Print a faithful copy of the data below, word for word, with the pictures left out.

- INFORMATION SUPPLIED:

- - - - -

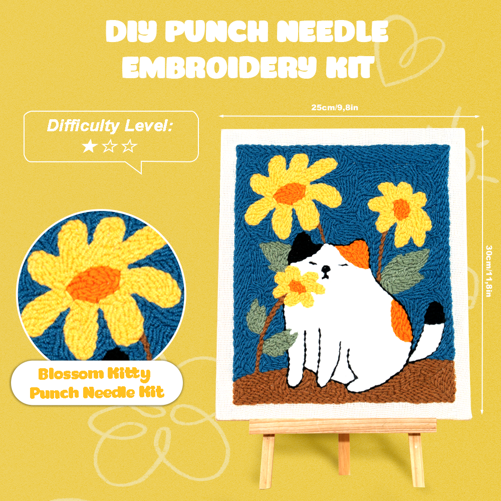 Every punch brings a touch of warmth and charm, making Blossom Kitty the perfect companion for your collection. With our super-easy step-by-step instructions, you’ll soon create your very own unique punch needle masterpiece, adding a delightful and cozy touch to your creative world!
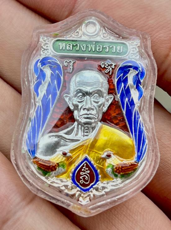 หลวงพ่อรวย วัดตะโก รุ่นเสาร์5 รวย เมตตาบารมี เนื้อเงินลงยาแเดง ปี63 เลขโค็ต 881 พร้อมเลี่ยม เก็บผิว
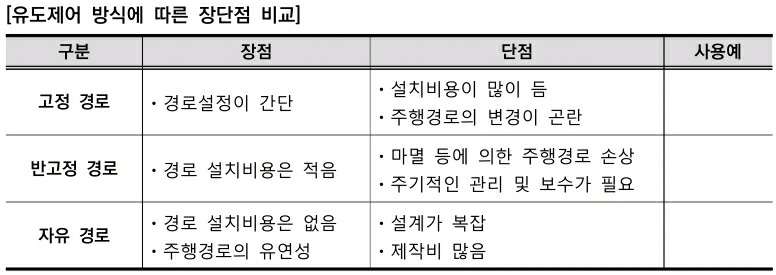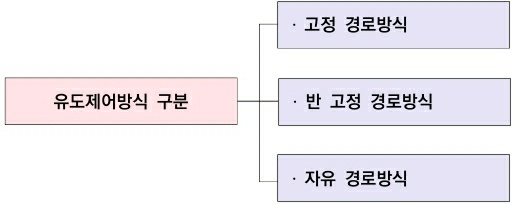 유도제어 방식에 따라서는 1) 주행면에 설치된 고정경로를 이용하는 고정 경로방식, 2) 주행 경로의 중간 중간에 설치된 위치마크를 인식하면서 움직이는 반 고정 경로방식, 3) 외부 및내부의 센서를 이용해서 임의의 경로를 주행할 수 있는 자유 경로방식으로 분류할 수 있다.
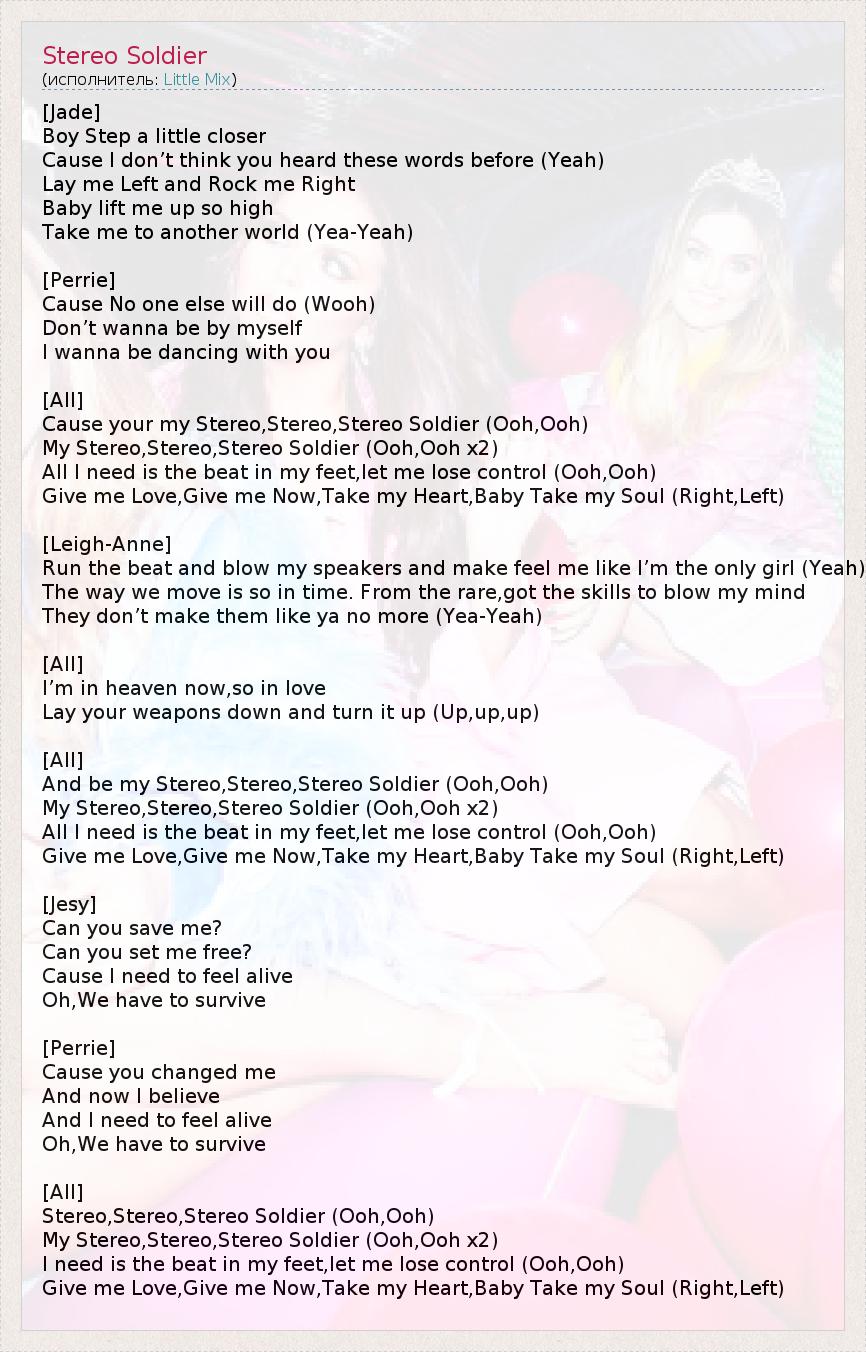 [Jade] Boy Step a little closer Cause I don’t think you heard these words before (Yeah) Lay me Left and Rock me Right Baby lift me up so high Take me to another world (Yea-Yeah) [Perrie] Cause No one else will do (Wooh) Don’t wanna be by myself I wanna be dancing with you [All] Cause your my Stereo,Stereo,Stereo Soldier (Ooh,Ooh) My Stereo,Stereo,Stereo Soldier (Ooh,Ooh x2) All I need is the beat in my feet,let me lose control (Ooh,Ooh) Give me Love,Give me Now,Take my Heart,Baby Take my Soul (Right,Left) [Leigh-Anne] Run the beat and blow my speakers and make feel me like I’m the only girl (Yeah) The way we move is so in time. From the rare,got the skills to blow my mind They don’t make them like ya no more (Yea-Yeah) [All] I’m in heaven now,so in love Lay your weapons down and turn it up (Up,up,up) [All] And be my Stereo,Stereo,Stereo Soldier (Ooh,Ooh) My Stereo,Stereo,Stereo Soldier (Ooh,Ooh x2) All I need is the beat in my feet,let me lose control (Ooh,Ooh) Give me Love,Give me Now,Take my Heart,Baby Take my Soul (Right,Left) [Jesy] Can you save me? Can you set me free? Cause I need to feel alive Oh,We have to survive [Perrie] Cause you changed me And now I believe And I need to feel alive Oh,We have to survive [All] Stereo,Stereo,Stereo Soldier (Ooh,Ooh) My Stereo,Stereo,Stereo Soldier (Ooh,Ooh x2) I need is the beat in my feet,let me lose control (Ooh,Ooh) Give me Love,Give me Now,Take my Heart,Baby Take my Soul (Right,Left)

- - - - -

- SOLUTION TO THIS EXERCISE:
 Every punch brings a touch of warmth and charm, making Blossom Kitty the perfect companion for your collection. With our super-easy step-by-step instructions, you’ll soon create your very own unique punch needle masterpiece, adding a delightful and cozy touch to your creative world!
 หลวงพ่อรวย วัดตะโก รุ่นเสาร์5 รวย เมตตาบารมี เนื้อเงินลงยาแเดง ปี63 เลขโค็ต 881 พร้อมเลี่ยม เก็บผิว
 유도제어 방식에 따라서는 1) 주행면에 설치된 고정경로를 이용하는 고정 경로방식, 2) 주행 경로의 중간 중간에 설치된 위치마크를 인식하면서 움직이는 반 고정 경로방식, 3) 외부 및내부의 센서를 이용해서 임의의 경로를 주행할 수 있는 자유 경로방식으로 분류할 수 있다.
 [Jade] Boy Step a little closer Cause I don’t think you heard these words before (Yeah) Lay me Left and Rock me Right Baby lift me up so high Take me to another world (Yea-Yeah) [Perrie] Cause No one else will do (Wooh) Don’t wanna be by myself I wanna be dancing with you [All] Cause your my Stereo,Stereo,Stereo Soldier (Ooh,Ooh) My Stereo,Stereo,Stereo Soldier (Ooh,Ooh x2) All I need is the beat in my feet,let me lose control (Ooh,Ooh) Give me Love,Give me Now,Take my Heart,Baby Take my Soul (Right,Left) [Leigh-Anne] Run the beat and blow my speakers and make feel me like I’m the only girl (Yeah) The way we move is so in time. From the rare,got the skills to blow my mind They don’t make them like ya no more (Yea-Yeah) [All] I’m in heaven now,so in love Lay your weapons down and turn it up (Up,up,up) [All] And be my Stereo,Stereo,Stereo Soldier (Ooh,Ooh) My Stereo,Stereo,Stereo Soldier (Ooh,Ooh x2) All I need is the beat in my feet,let me lose control (Ooh,Ooh) Give me Love,Give me Now,Take my Heart,Baby Take my Soul (Right,Left) [Jesy] Can you save me? Can you set me free? Cause I need to feel alive Oh,We have to survive [Perrie] Cause you changed me And now I believe And I need to feel alive Oh,We have to survive [All] Stereo,Stereo,Stereo Soldier (Ooh,Ooh) My Stereo,Stereo,Stereo Soldier (Ooh,Ooh x2) I need is the beat in my feet,let me lose control (Ooh,Ooh) Give me Love,Give me Now,Take my Heart,Baby Take my Soul (Right,Left)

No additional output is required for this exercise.